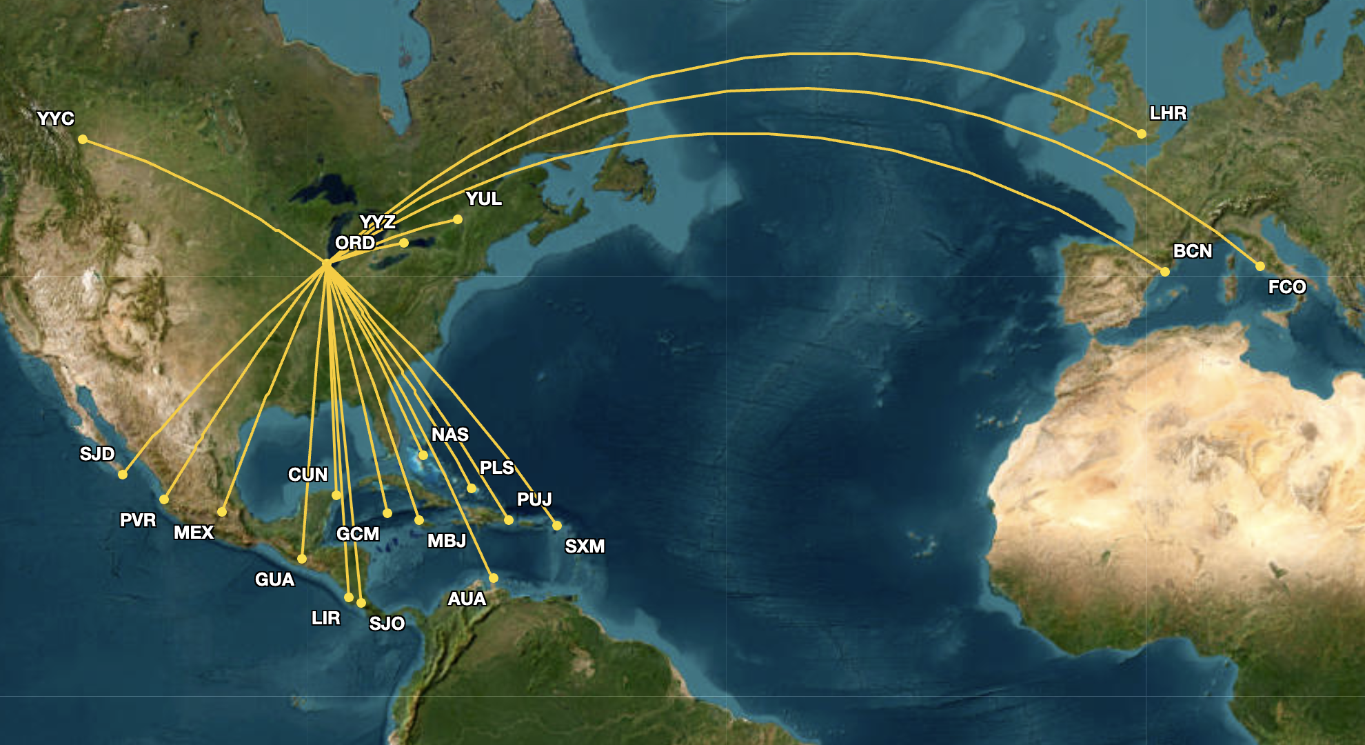 American Airlines added six international routes from ORD that will overlap with United Airlines’ network during the month, which are displayed below.
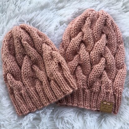 The Cable Me Crazy Beanie is perfect for you and your mini me! This hat is made with worsted weight yarn and is worked in the round from the bottom up. It features a fitted brim, squishy knit cables and has a slight slouch. Download includes both sizes.
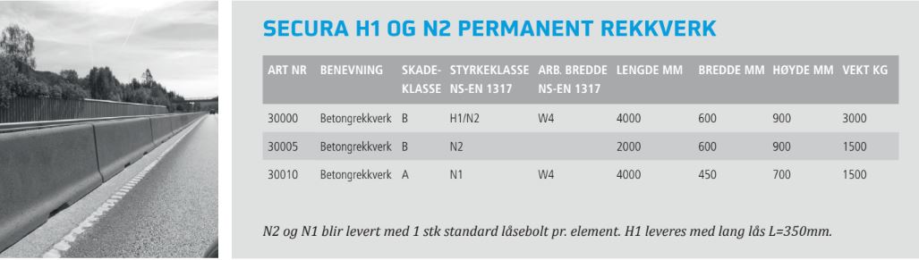 Veisperringen Secura System er et norsk rekkverk i betong utviklet i henhold til Standard NS-EN 1317, og veidirektoratets krav.
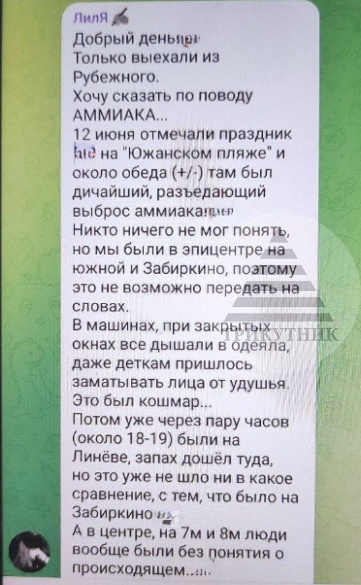"Рубіжне. Ось що пишуть сепари, які були в місті, коли смерділо аміаком", - написав "Трикутник", розмістивши скріншот повідомлень місцевих жителів.
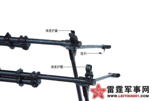 ▲56式轻机枪(上)的架腿折叠时采用搭扣固定,准星采用护翼加以保护,而56-1式轻机枪(下)的脚架上取消了搭扣,准星改用护圈保护
----
• **PROBLEM DETAILS**
Without any pictures, reproduce the lines from the first one in the material through the line that has "The Cable Me", exactly as they appear.

• **YOUR SOLUTION**
 American Airlines added six international routes from ORD that will overlap with United Airlines’ network during the month, which are displayed below.
 The Cable Me Crazy Beanie is perfect for you and your mini me! This hat is made with worsted weight yarn and is worked in the round from the bottom up. It features a fitted brim, squishy knit cables and has a slight slouch. Download includes both sizes.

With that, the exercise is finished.